**Instructions for the task:** Give again only the lines from the line that holds "This spell costs" to the end of the data, inclusive, omitting all pictures.

**Data extract:**
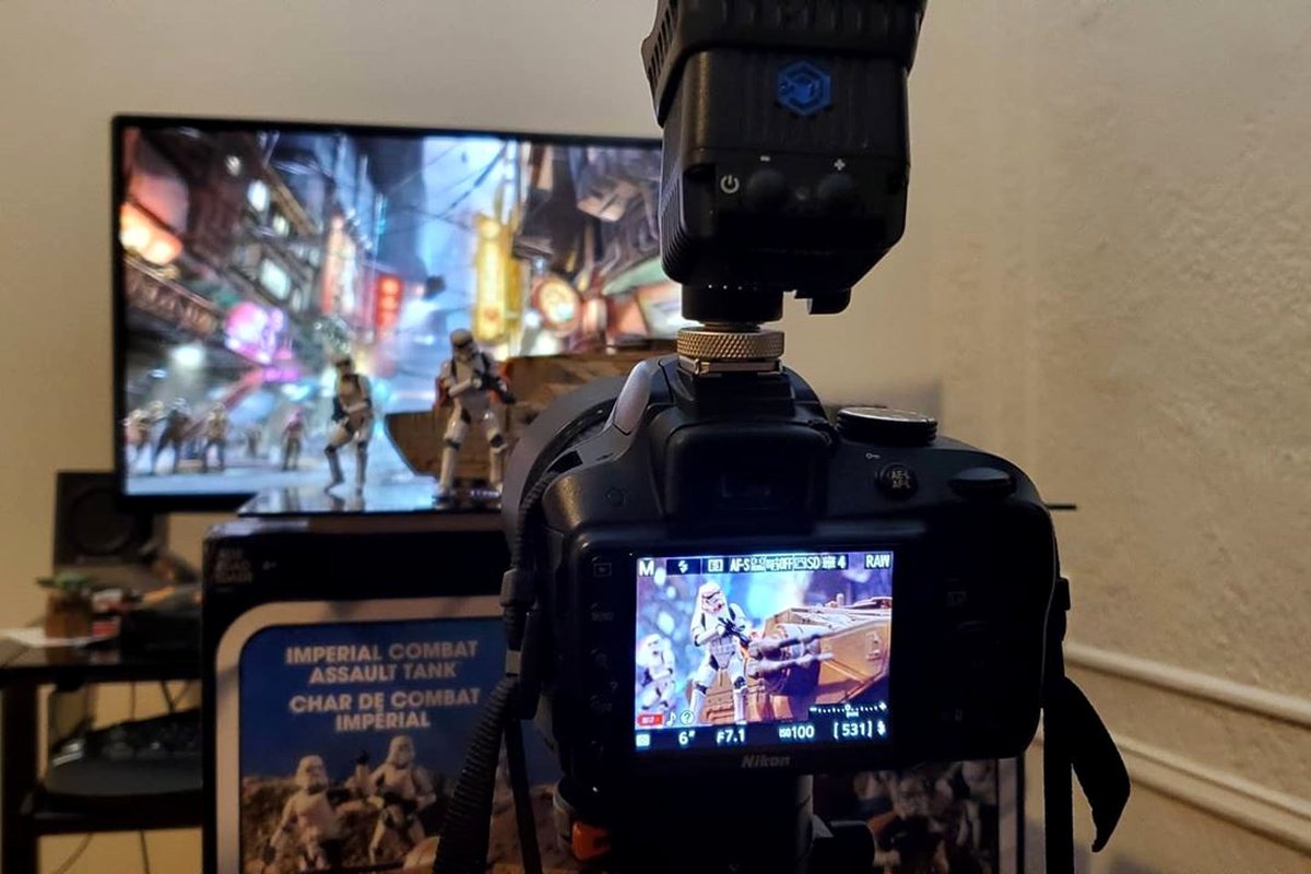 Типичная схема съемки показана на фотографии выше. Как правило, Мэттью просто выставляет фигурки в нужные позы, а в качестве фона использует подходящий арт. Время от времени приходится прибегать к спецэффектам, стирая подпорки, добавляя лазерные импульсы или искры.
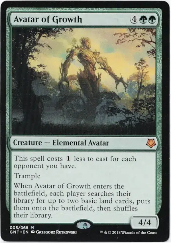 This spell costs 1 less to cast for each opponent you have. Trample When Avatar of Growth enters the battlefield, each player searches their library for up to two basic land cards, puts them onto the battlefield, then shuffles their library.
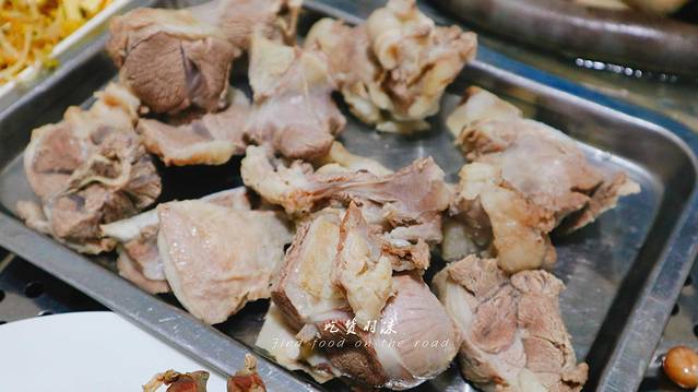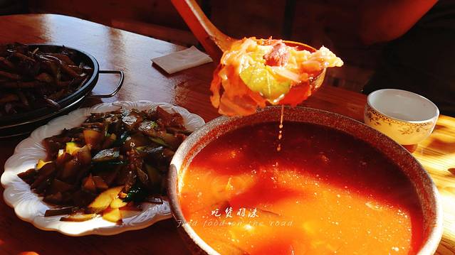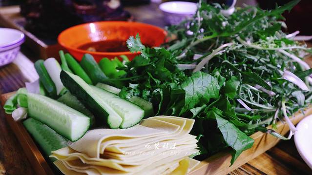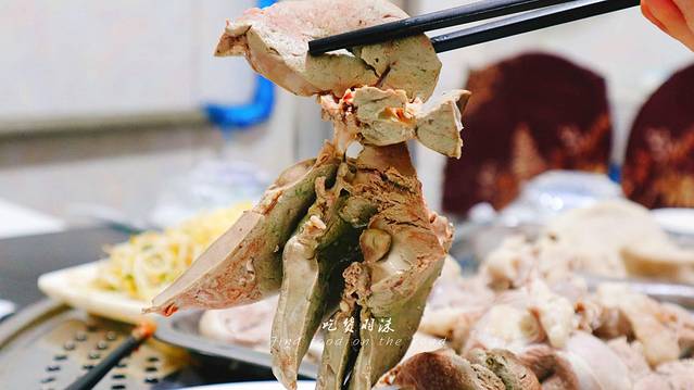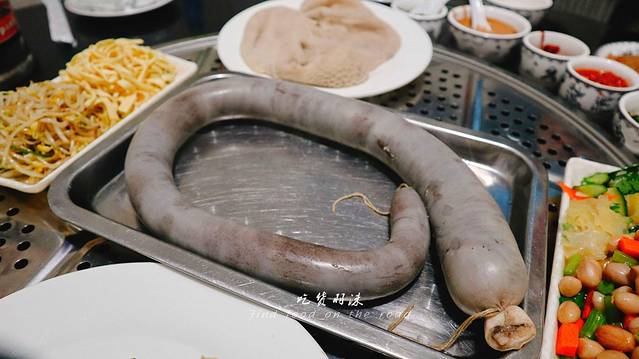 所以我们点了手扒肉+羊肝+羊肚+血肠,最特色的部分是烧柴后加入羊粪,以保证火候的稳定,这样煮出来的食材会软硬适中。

**Finished exercise:**
 This spell costs 1 less to cast for each opponent you have. Trample When Avatar of Growth enters the battlefield, each player searches their library for up to two basic land cards, puts them onto the battlefield, then shuffles their library.
 所以我们点了手扒肉+羊肝+羊肚+血肠,最特色的部分是烧柴后加入羊粪,以保证火候的稳定,这样煮出来的食材会软硬适中。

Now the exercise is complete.